Baptist Operation Outreach and Soles4Souls offered assistance to those less fortunate, providing health care services, food and clothing to the homeless, at annual events held during the Thanksgiving holiday.
A Baptist College of Health Sciences nursing student talks to a patient about his cholesterol and blood pressure numbers at the 28th Annual Thanksgiving Dinner for the Homeless and Hungry held last week.
(Photo Courtesy of Kim Hancock)
The Baptist Operation Outreach van participated in the 28th annual Thanksgiving Dinner for the Homeless and Hungry at the Memphis Cook Convention Center last week. The event gave the homeless a traditional Thanksgiving meal, access to health care services, and free long-distance calling for the day to call family members.
“We gave care to 191 patients, with 30 given medicine onsite by physicians and pharmacists and referred for follow-up appointments with our free clinic,” said Claire Hicks, Baptist corporate communications PR coordinator.
Baptist Memorial Health Care Corp. provided 70 volunteers on Thanksgiving Day, including three physicians and one nurse practitioner giving primary care along with students from Baptist College of Health Sciences and employees from Baptist’s 14 area hospitals who volunteered doing blood pressure and cholesterol screenings.
“The city and county have joined forces to tackle the homeless issue in our community. Caring for the homeless is not something you should do just around the holidays, it should be year-round,” said Cynthia Allen, Baptist Operation Outreach community relations manager. “We see a lot of women and children who are impacted by homelessness due to the economy.
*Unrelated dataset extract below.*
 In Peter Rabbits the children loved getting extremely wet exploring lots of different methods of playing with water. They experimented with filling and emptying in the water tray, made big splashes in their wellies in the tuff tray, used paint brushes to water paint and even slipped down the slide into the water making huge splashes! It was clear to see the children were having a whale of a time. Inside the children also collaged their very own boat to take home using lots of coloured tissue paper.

People have had loss of jobs and loss of homes, so what was once considered a traditional homeless person really looks like you or me now.”
In January, Community Alliance for the Homeless conducted a survey in the city of Memphis, and the Baptist Operation Outreach van served 33 percent of the homeless population at no cost, serving as the largest provider for the homeless in Shelby County.
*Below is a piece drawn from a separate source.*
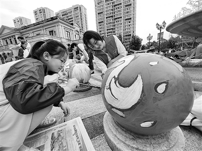 6月12日,余姚市兰江街道姚江社区新文明实践站联合美院少年机构在姚江社区广场开展亲子绘画活动。小朋友们以石墩为纸,以“文明城市”为主题,通过明亮的色彩,以童心展现美丽城市。吴大庆 摄

“Our homeless patients are not utilizing the ER. When they have a need to be seen by a doctor, they know they can come to our Baptist Operation Outreach clinic to receive their ongoing care,” said Allen, who explained that this year they treated patients for asthma, diabetes, hypertension and blood pressure issues, psychiatric problems, and even stab wounds that had gone untreated. “At Baptist Operation Outreach, we provide primary acute care, medications, transportation to and from medical appointments, diagnostic procedures, and even surgery, in some cases.”
The Baptist Operation Outreach van, through a partnership with Christ Community Church, operates four days each week and treats roughly 1,400 patients per year for more than 3,300 doctors’ visits.
The primary address for the van is 69 N. Cleveland St. in Midtown Memphis, and it is open Tuesdays and Wednesdays from 9 a.m. to 3 p.m., and Thursdays from 9 a.m. to 3 p.m. for women and children. The mobile unit is also open on Mondays from 9 a.m. to 3 p.m. at Memphis Union Mission, 383 Poplar Ave.
Next up, Baptist Operation Outreach will hold a holiday event Dec. 19 at the clinic on North Cleveland. Those who attend will be served a hot holiday meal and receive a backpack with hygiene products as well as warm clothing and other necessities that will be useful in the winter months.
Soles4Souls also held its annual Thanksgiving event Nov. 19 at the Memphis Union Mission Opportunity Center to provide shoes and socks, as well as foot and nail care, to the community’s homeless.
“This year’s event, which served more than 100 homeless people, was a great success,” said Chad Gilbert, director of marketing and public relations at Campbell Clinic, which began participating in the event five years ago. “In addition, one of Campbell Clinic’s physicians, Dr. David Richardson, brought his 4-year-old son with him, as well as his father, Dr. Greer Richardson, another orthopedic physician specializing in the foot and ankle. It was a multi-generational moment of giving back to the community.”
Support for this year’s event came from doctors and other health care professionals, including team members from Campbell Clinic, Snell’s Orthotics-Prosthetics and Dignity U Wear.
“We had seven representatives staffing the event and providing foot care this year,” Gilbert said. “We also provide indigent care in other capacities throughout the year privately and through various official affiliations.”
Soles4Souls is part of the Our Hearts to Your Soles program, a nonprofit founded in 2004 with a mission to provide the less fortunate people across the United States with shoes and free foot examinations. Supporters of the program believe that proper foot health is an essential part of everyday life and important to an overall health maintenance program.